Die Food not Bombs Gruppe in ihrer derzeitigen Konstellation und ihrem derzeitigen Bestehen
ist aufgelöst.
Food Not Bombs ist ein anarchistisches Kochkollektiv, das weggeworfenes und geschenktes Essen zu Mahlzeiten verkocht und sich damit im öffentlichen Raum Platz aneignet, um es dort an alle Menschen zu verteilen.
Dabei ist es uns wichtig, unterschiedliche Menschen mit Kritik am kapitalistischen System zu erreichen.
Wir finden diese Aktionsform unter anderem deswegen sinnvoll, weil wir uns aus dem akademisch/studentischen Umfeld oder der "Szeneblase" herausbewegen, um so unsere Ideen, zu Themen wie Wegwerfgesellschaft, Raumaneignung, überwachungsstaat, Rassistischer Politik, soziale Ungleichheit etc. weiter zu tragen.
Es ist uns bei unseren letzten Aktionen jedoch bewusst geworden, dass wir mit dieser Aktionsform nicht die von uns gewünschte Wirkung erzielt haben, welche ist, das Interesse der Passant_innen für unsere Ideen und Kritik anzuregen.
Wir haben uns deshalb einige Gedanken gemacht, woran das liegen könnte.
Zum einen denken wir, dass ein Grund für das Desinteresse darin zu sehen ist, dass wir in einer Wohlstandsgesellschaft leben, weshalb die meisten Menschen in Wien ihre Grundbedürfnisse an Essen mehr oder weniger abdecken können. Sei es durch Einkäufe in Supermärkten oder die Inanspruchnahme von Angeboten karitativer Einrichtungen, die jedoch nur jenen Menschen zur Verfügung stehen, die die jeweiligen Anforderungen der Einrichtungen erfüllen (wie z.B. österreichische
Staatsbürger_innenschaft). Trotzdem sind auch viele Menschen von Armut betroffen bzw. bedroht und wissen nicht, wie sie täglich an Lebensmittel kommen können.
Außerdem entspricht das von uns gekochte Essen wohl nicht den hygienischen Vorstellungen, die in eben dieser Wohlstandsgesellschaft vorherrschen.

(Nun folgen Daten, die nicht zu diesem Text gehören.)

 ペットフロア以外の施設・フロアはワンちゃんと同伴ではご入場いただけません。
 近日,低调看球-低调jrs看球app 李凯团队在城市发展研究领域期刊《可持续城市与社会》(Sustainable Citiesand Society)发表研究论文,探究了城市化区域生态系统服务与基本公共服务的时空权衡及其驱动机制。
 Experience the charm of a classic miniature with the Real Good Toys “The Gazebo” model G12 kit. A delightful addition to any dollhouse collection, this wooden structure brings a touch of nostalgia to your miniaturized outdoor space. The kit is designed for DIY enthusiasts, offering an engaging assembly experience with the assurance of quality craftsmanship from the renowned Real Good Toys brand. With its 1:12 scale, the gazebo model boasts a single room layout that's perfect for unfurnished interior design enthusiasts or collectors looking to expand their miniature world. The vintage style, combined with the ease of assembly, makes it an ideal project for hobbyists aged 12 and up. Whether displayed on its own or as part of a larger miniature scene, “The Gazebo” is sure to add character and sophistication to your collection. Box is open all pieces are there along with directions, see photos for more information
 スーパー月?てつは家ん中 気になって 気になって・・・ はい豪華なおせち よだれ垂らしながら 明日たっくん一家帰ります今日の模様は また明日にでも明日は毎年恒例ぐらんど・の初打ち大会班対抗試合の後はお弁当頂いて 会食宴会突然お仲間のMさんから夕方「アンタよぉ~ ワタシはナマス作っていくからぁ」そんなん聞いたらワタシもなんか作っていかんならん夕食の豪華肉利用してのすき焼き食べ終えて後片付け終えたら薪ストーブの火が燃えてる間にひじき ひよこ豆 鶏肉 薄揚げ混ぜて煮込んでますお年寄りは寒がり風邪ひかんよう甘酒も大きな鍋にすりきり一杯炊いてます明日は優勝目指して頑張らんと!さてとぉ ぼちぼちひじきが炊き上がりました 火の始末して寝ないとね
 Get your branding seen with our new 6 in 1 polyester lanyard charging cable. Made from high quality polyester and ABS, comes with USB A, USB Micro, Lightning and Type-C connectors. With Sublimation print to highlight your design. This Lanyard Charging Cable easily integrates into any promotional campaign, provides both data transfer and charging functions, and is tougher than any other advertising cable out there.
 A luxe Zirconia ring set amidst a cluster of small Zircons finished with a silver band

Ein weiterer Grund für das Desinteresse an unseren Aktionen könnte darin zu sehen sein, dass wir aufgrund von fehlenden zeitlichen Ressourcen und motivierten Menschen, Aktionen nicht mehr mit so viel Kraft durchführen konnten, wie wir uns das eigentlich vorstellen und wünschen. Gerade weil Food Not Bombs mit einer Nicht-"Szene"-Öffentlichkeit ins Gespräch zu kommen und dort Kritik am bestehenden (kapitalistischen) System anzubringen versucht, bedarf es sehr viel Motivation, Ausdauer und Gesprächsfreudigkeit.
Außer den oben genannten Punkten haben auch negative Reaktionen aus der "Szene" dazu geführt, dass wir uns fragen, wie viel Sinn Food Not Bombs in dieser Form, eigentlich noch macht.

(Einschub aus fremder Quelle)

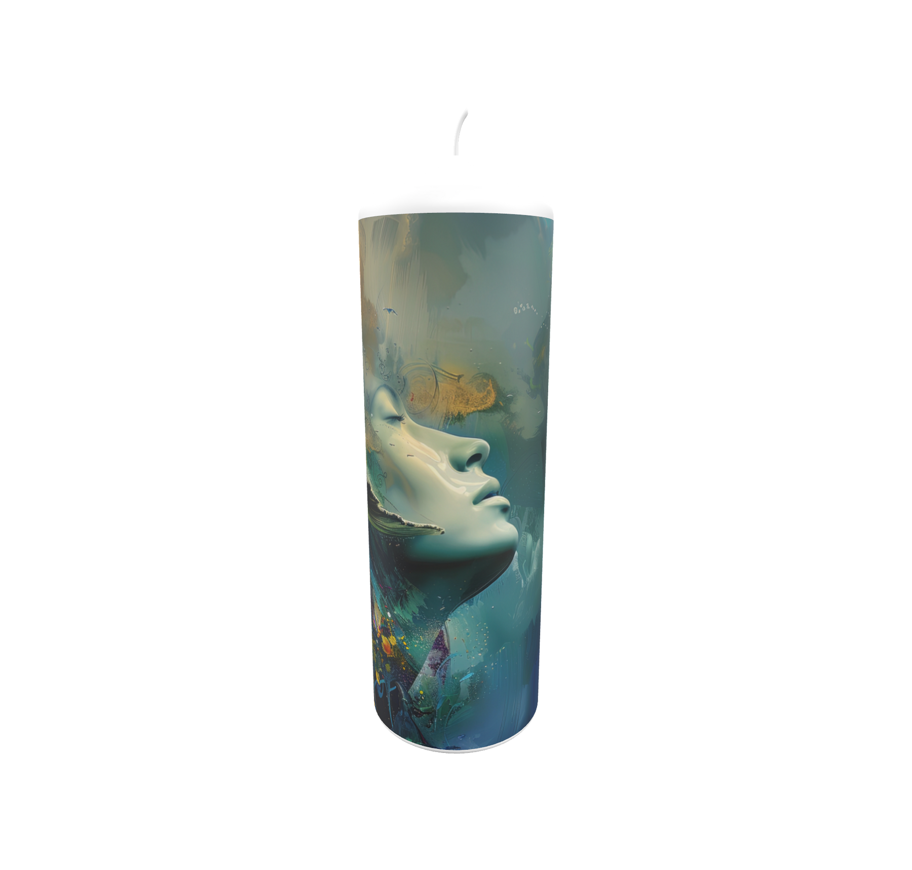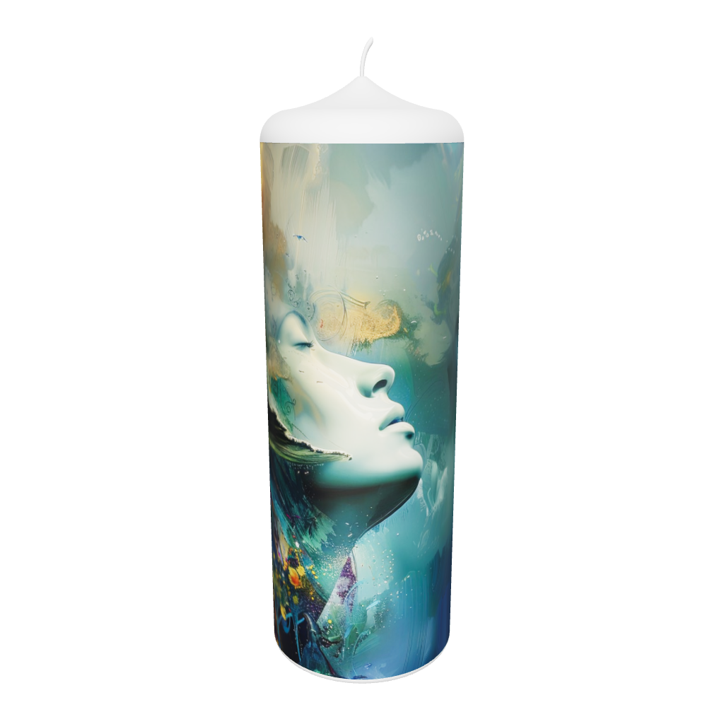 Künstlerkerze mit weiblichem Profil, Unterwassertraum und sanften Blautönen.

Wir wollen keinesfalls als Demo-Catering gesehen werden. Außerdem wollen wir uns auch ästhetischen Vorstellungen davon, wie Essen aussehen soll, nicht unterordnen, sondern das, was vorhanden ist verwerten.
Wir fragen uns, wieso die politische Arbeit von Food Not Bombs nicht als diese angesehen wird, sondern wir lediglich als eine Kochgruppe abgestempelt werden.
Hier fließt auch ein in der "Szene" übliches Einteilen von "Arbeiten", in politisch wichtige und unwichtige, mit ein, was mit der Zuordnung der Tätigkeiten in weibliche* und männliche* Bereiche einhergeht. Food Not Bombs besteht fast
ausschließlich aus weiblich* sozialisierten Menschen. Wir agieren in einem Kontext, in dem Kochen von Vielen zu einem klassisch weiblichen* Bereich gezählt wird, wobei beispielsweise Technik oft als männlicher* Bereich definiert wird und hier auch vor allem männlich* sozialisierte Menschen auftreten.
Wir finden es problematisch, dass in einer sich linken/linksradikal definierten "Szene" eine Reproduktion des vorherrschenden gesellschaftlichen Gender-Modells fast unverändert weiterbesteht.
Diese Gründe haben innerhalb unseres Kollektivs zu großer Frustration geführt.
Wir sehen uns als eine nicht statisch agierende Gruppe, sondern wollen unsere Aktionen reflektieren und in diesem Prozess neue Ideen ausprobieren. Deswegen wird es in der nächsten Zeit keine regelmäßige Freitags-Aktion mehr geben, sondern wir wollen uns mit anderen Aktionsformen bzw. mit Theorien und Themen (vor allem mit einer fundierten Kapitalismuskritik) auseinandersetzen.